→ **Task to complete**:
Given the entries below, would you transcribe exactly the lines starting at the one with "Фиолетовый и бирюзовый" and ending at the one with "RHODIARAMA CARNET REMBORDÉ", both kept, pictures omitted, nothing extra?

*** Opening of Input records ***

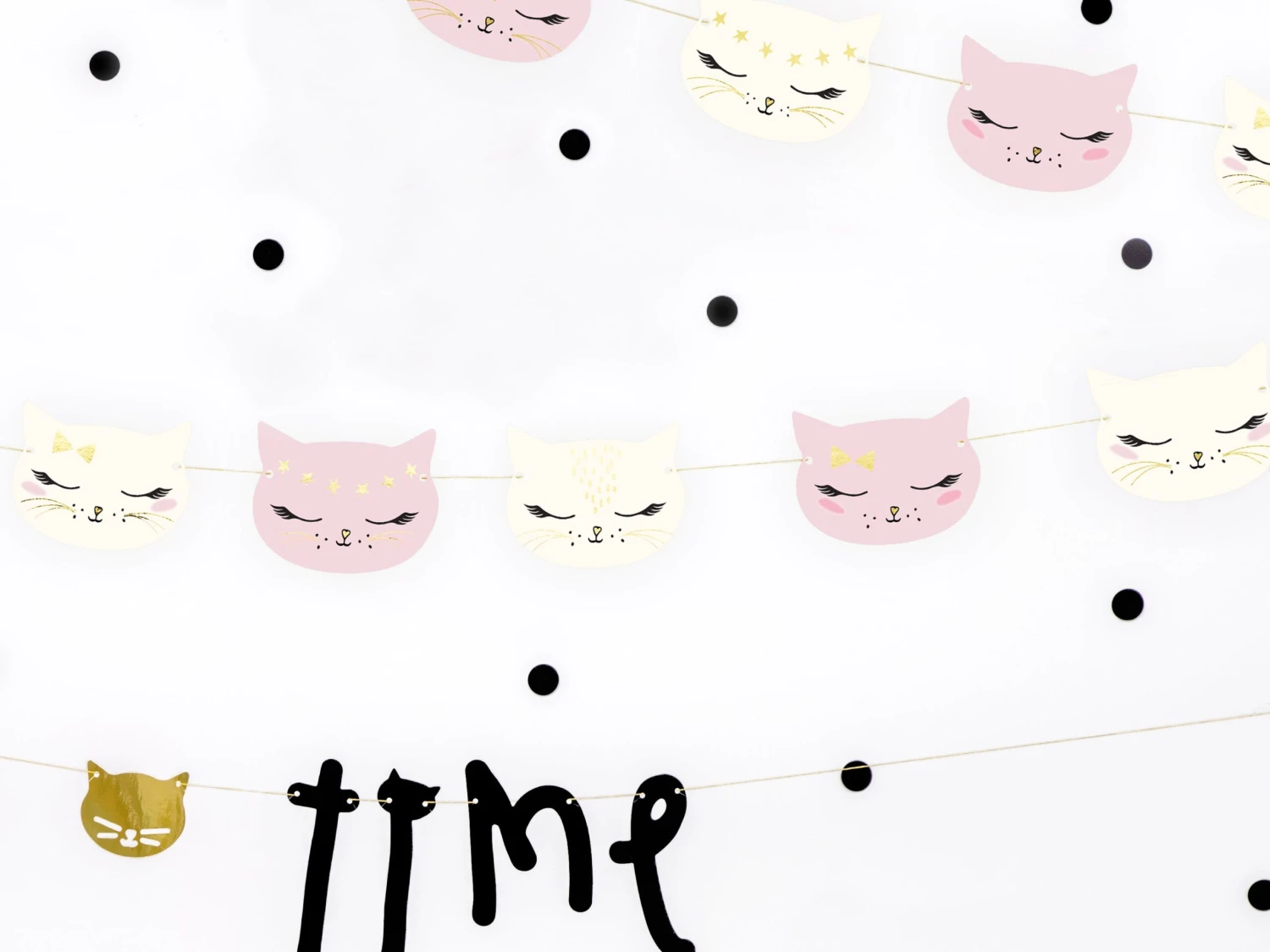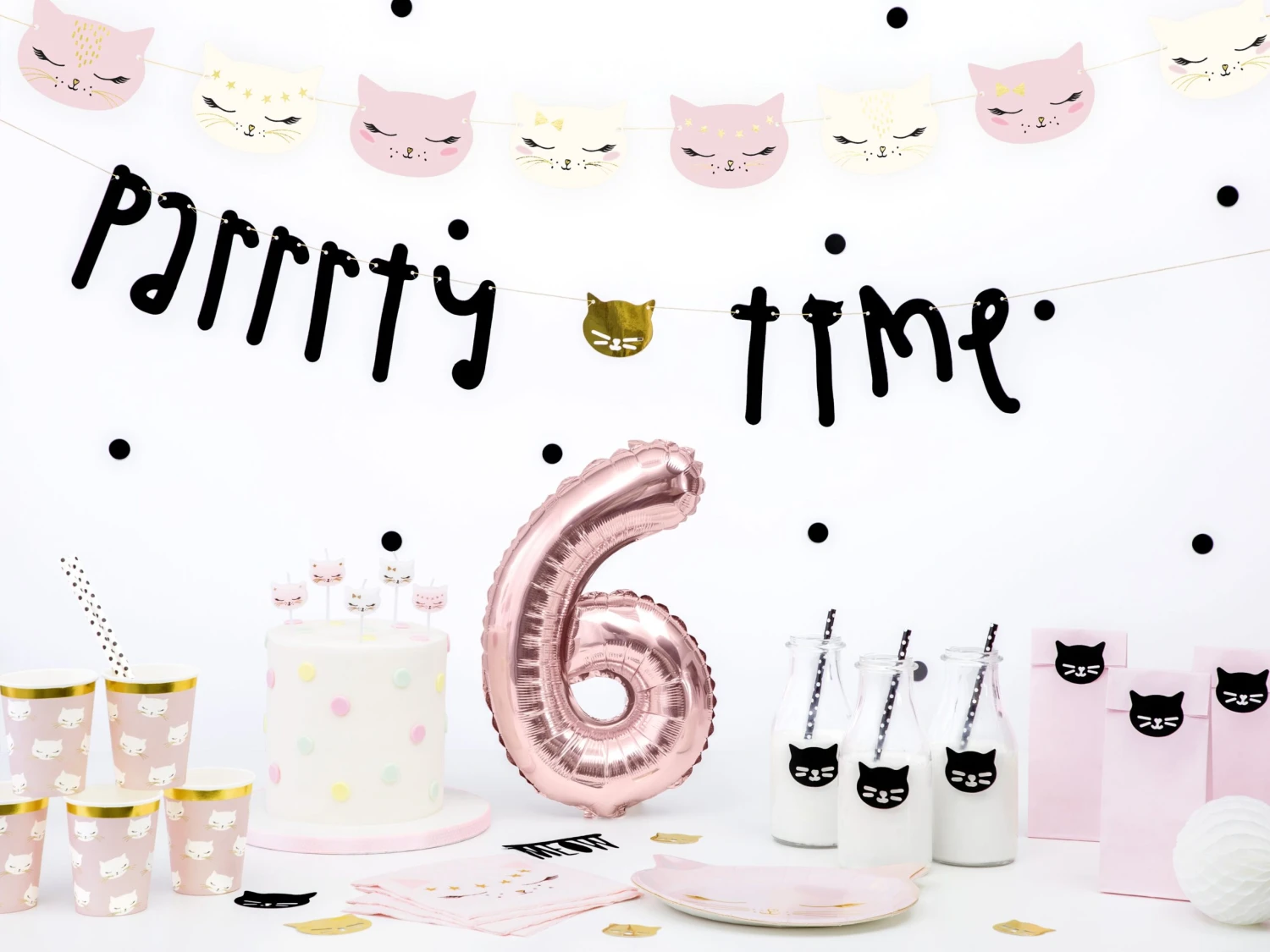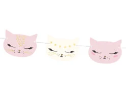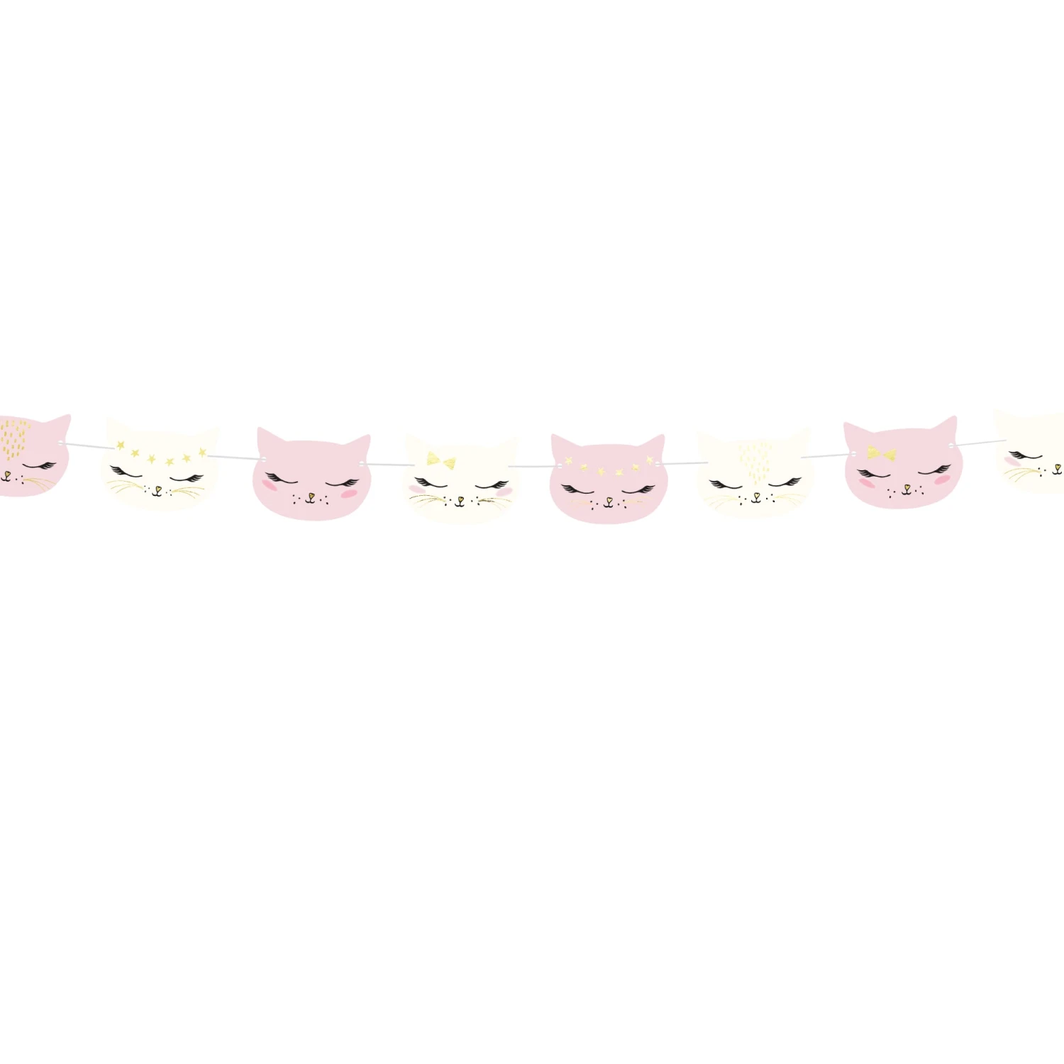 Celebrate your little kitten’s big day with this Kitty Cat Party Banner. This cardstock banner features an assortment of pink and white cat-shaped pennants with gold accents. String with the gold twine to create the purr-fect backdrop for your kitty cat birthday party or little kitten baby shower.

*** Close of Input records ***
*** Opening of Input records ***

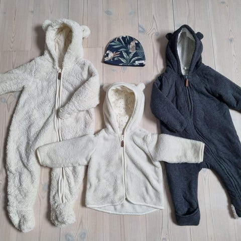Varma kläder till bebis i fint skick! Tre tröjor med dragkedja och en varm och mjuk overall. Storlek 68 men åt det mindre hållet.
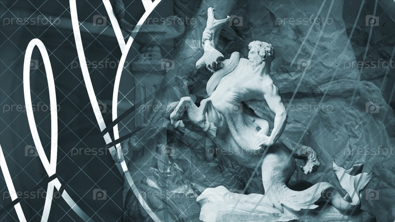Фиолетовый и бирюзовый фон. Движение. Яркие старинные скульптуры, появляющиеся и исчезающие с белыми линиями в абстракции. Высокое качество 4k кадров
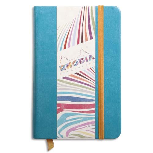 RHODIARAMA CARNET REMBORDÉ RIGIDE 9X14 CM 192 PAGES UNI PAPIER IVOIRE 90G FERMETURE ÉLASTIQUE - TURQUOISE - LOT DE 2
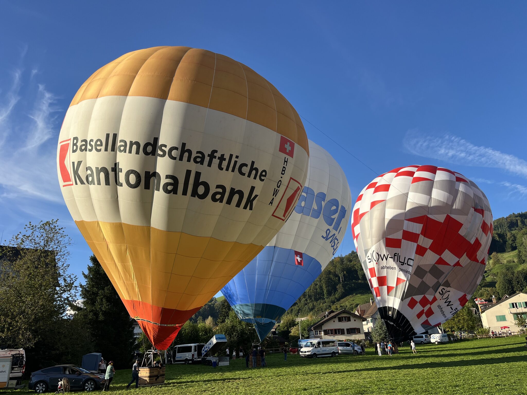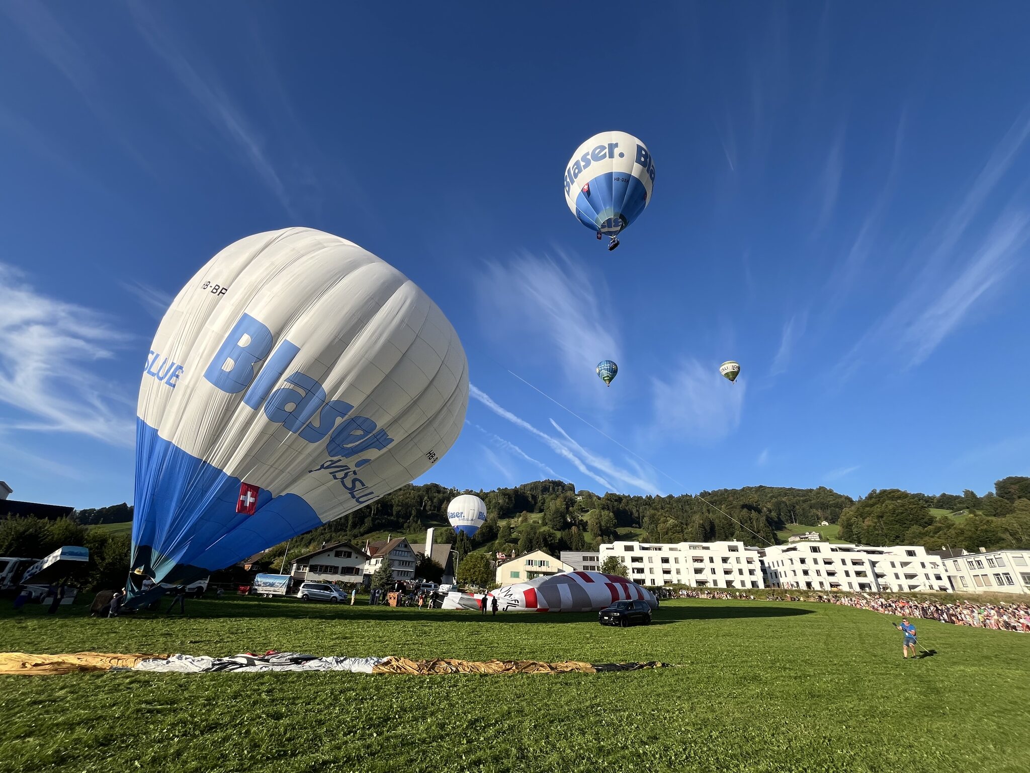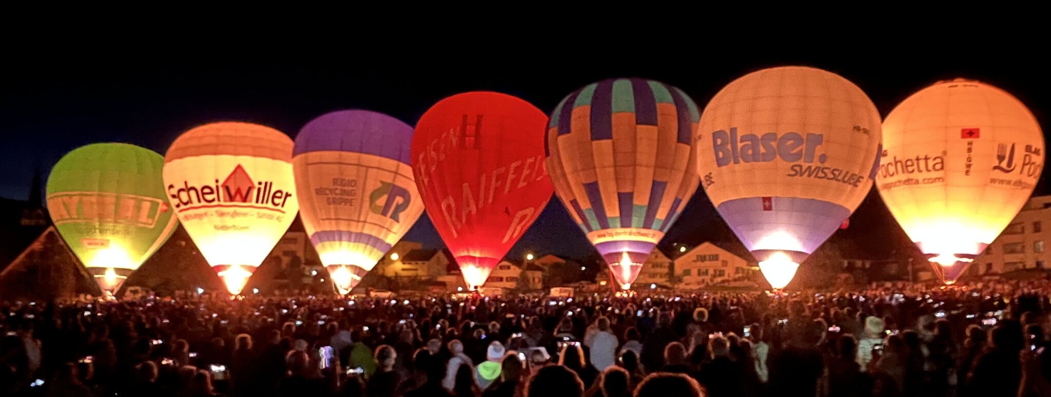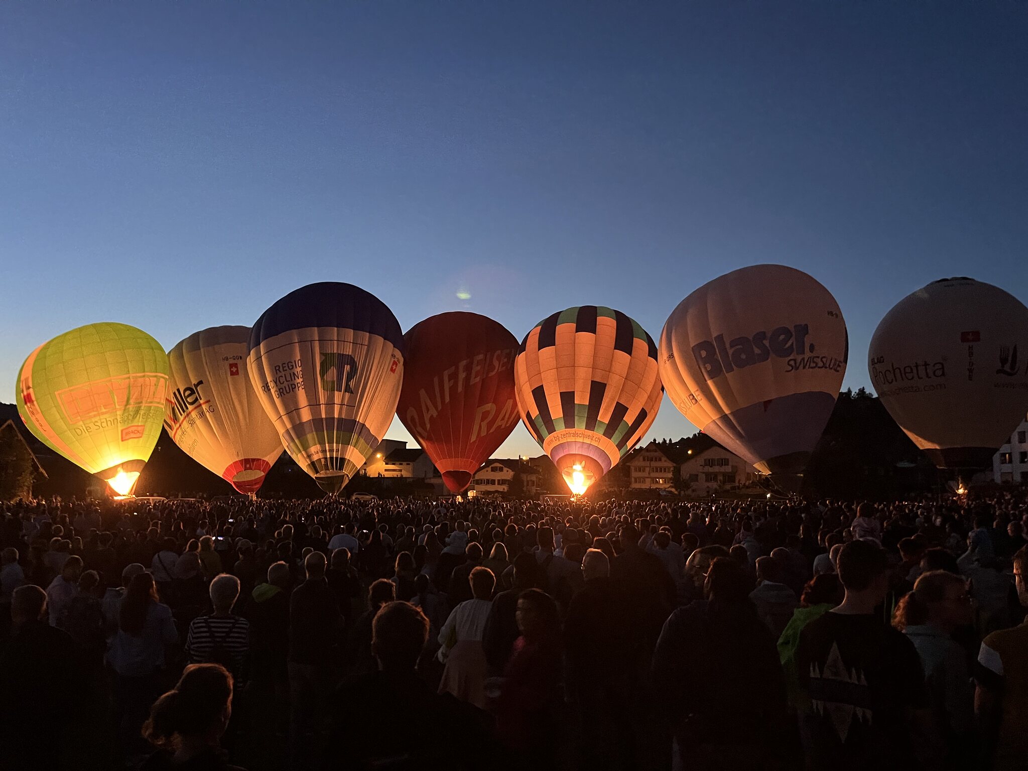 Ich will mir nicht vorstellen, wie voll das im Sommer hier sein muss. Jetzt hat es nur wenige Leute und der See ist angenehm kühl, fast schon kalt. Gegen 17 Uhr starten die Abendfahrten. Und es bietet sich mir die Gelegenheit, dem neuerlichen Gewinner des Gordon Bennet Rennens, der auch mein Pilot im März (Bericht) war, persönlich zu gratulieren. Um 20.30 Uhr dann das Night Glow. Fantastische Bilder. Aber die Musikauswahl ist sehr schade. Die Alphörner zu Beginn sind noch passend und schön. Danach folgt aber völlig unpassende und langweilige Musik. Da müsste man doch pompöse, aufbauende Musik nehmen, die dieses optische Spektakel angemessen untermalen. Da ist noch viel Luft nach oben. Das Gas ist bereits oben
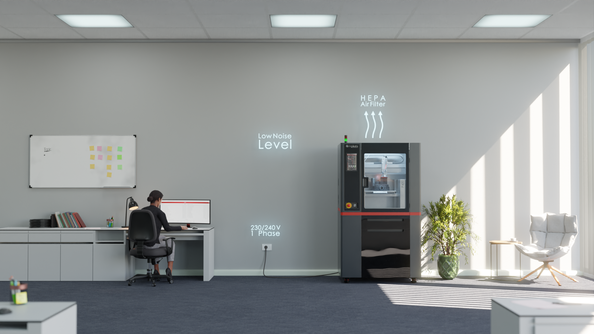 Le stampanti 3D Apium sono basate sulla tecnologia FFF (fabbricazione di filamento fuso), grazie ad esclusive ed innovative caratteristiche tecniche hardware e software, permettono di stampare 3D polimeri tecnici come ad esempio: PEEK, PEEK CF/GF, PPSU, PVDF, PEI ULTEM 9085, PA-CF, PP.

*** Close of Input records ***
*** Opening of Input records ***

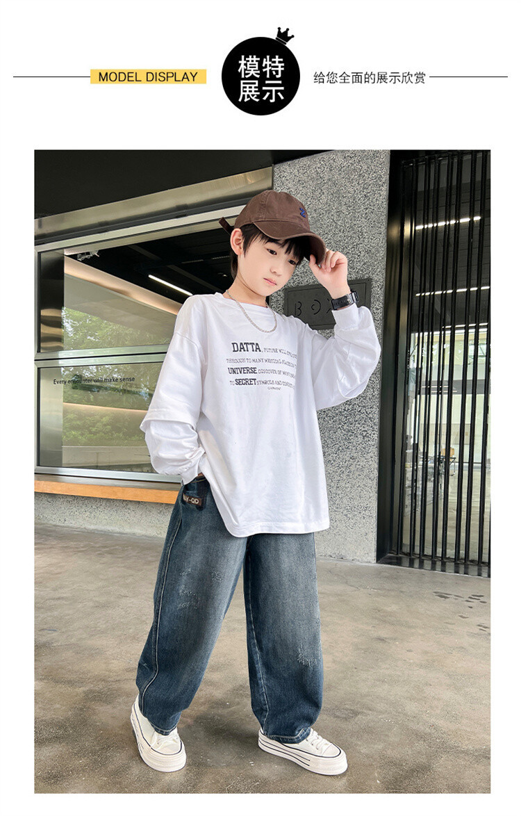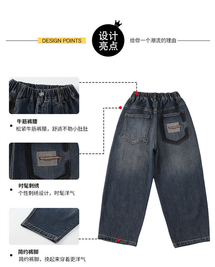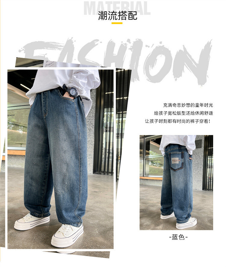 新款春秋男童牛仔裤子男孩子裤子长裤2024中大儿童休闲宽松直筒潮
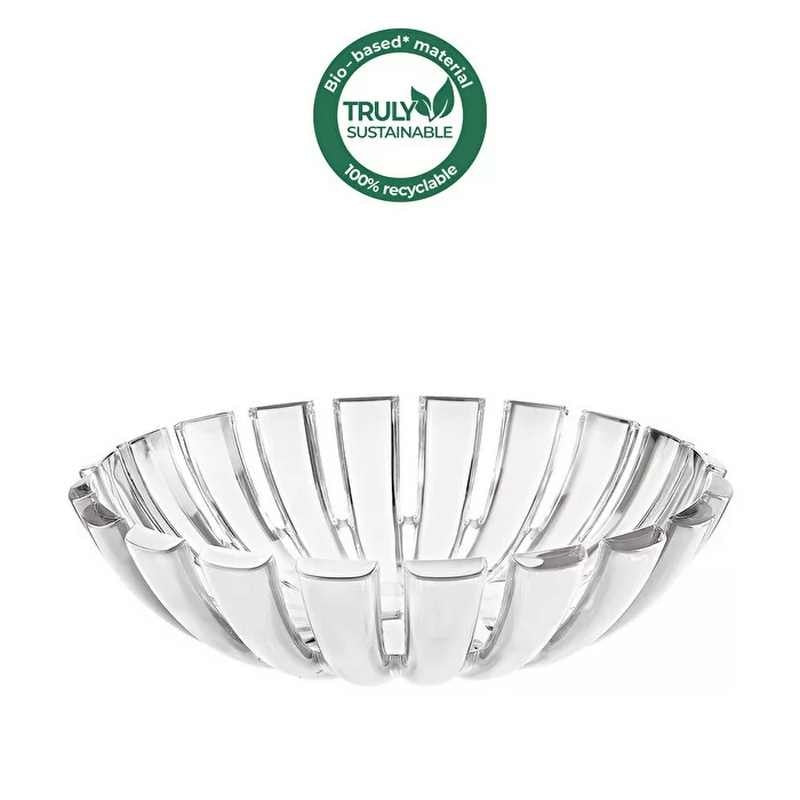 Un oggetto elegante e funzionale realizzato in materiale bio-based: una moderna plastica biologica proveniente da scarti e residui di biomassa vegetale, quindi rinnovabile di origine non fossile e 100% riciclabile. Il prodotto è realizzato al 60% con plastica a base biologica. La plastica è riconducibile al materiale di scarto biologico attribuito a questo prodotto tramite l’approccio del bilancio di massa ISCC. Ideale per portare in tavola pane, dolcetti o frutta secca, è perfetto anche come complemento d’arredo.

*** Close of Input records ***

→ **Answer space**:
Фиолетовый и бирюзовый фон. Движение. Яркие старинные скульптуры, появляющиеся и исчезающие с белыми линиями в абстракции. Высокое качество 4k кадров
 RHODIARAMA CARNET REMBORDÉ RIGIDE 9X14 CM 192 PAGES UNI PAPIER IVOIRE 90G FERMETURE ÉLASTIQUE - TURQUOISE - LOT DE 2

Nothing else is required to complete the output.